2015: This is my final year. I find Business administration very boring but considering i have no other way, i intend to continue and take admission in MBA college. I want to know does this makes any sense or will i be just wasting my money pursuing MBA after Distance education BBA degree?

If i pursue MBA, what specialization should i look for? I don't like finance,accounting and human resource management (due to social anxiety). I was looking forward to MBA in IT, Logistics management (procurement manager comes under this i suppose) and international business management.
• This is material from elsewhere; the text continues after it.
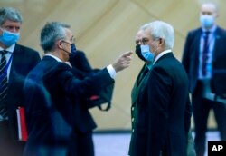 北約秘書長斯托爾滕貝格與俄羅斯副外長格魯什科和副防長副明在布魯塞爾北約總部會談前見面。(2022年1月13日)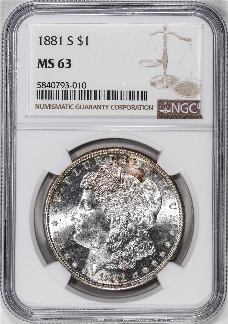 One 1881-S $1 Morgan Silver Dollar Coin NGC MS63. NGC Certified.

Everyone i have talked to, said there is no value for distance education degree and i have screwed my career. In last 3-4 years i have developed a severe inferiority complex and social anxiety seeing my friends getting jobs and enjoying their life. I broke all contacts from my former classmates from school days. I don't talk to any of my current classmates. I don't know what would happen in my future. always thinking what i should have done 3 years ago. Seeing my life's goals and dreams getting shattered.

Please guide me.


----------



## kunalgujarathi (Jan 5, 2015)

bmwfanboy said:


> Hi guys,
> Please bear with me and read this, I will try to keep this as short as possible.
> 
> 2011:
> ...



My advice as a student.
Now as you have a Management degree take up MBA in IT.
There is an Udemy course PMI certification.(You have to clear the PMI by Project Management Institute).

As soon as you clear the exam.You are in the ivy league of CS/IT managers.Laying Development Plans for an IT project.Server Management,etc.
Come out of depression.Internet is free.Huge source to learn.
All the Best.

Regards,
Kunal


----------